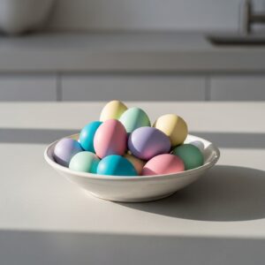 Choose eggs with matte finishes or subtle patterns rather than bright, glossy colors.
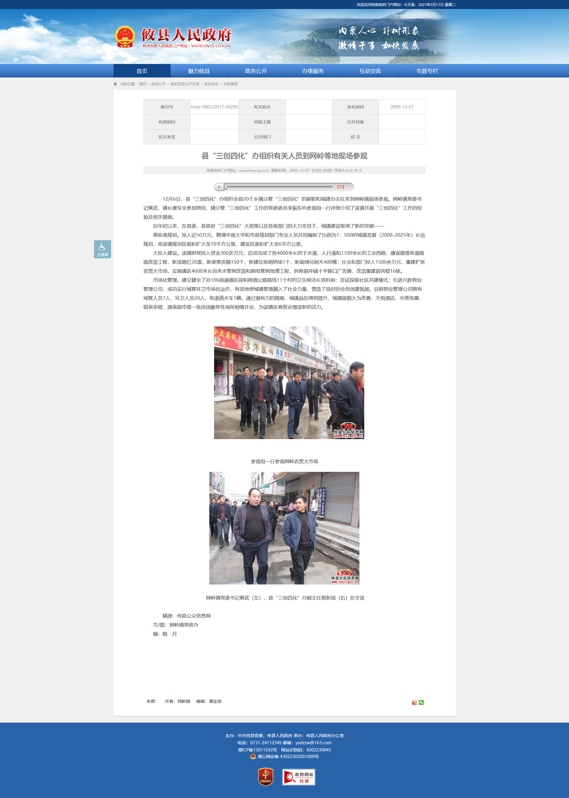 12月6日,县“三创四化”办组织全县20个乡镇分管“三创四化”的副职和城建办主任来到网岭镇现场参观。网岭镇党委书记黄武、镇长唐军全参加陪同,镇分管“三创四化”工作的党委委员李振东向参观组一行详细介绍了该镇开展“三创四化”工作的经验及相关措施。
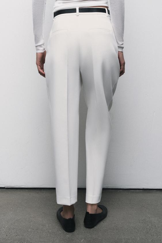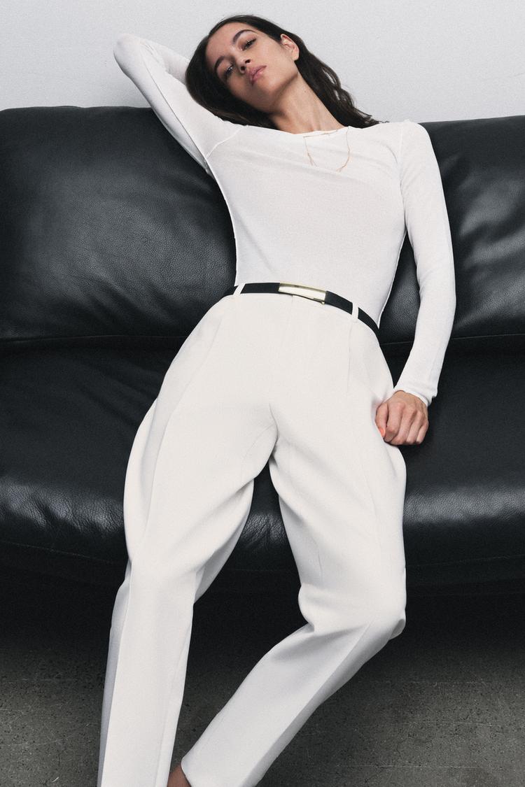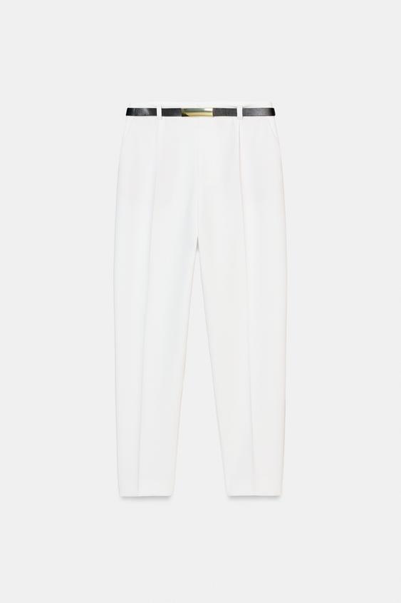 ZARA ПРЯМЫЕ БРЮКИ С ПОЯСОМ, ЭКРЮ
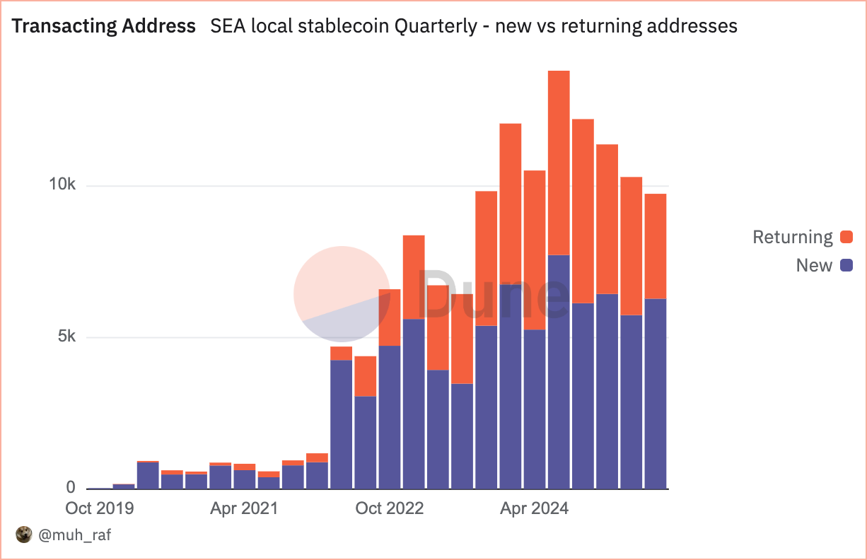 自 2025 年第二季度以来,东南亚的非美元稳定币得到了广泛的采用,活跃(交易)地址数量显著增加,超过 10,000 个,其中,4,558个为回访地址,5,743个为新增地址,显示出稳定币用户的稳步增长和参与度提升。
::::::
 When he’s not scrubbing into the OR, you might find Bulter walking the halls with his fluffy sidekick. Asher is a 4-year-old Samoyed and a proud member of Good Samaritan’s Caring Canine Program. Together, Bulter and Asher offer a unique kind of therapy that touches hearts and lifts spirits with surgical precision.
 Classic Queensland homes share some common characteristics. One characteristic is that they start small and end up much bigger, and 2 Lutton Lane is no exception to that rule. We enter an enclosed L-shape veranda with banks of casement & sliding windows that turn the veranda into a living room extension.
::::::
> **ASSIGNMENT**:
I would like the exact lines from the data above, starting with the one that holds "ZARA ПРЯМЫЕ БРЮКИ С ПОЯСОМ, ЭКРЮ" and going on through the one that holds "自 2025 年第二季度以来,东南亚的非美元稳定币得到了广泛的采用,活跃(交易)地址数量显著增加,超过", without the pictures.

> **SOLUTION TO THE EXERCISE**:
 ZARA ПРЯМЫЕ БРЮКИ С ПОЯСОМ, ЭКРЮ
 自 2025 年第二季度以来,东南亚的非美元稳定币得到了广泛的采用,活跃(交易)地址数量显著增加,超过 10,000 个,其中,4,558个为回访地址,5,743个为新增地址,显示出稳定币用户的稳步增长和参与度提升。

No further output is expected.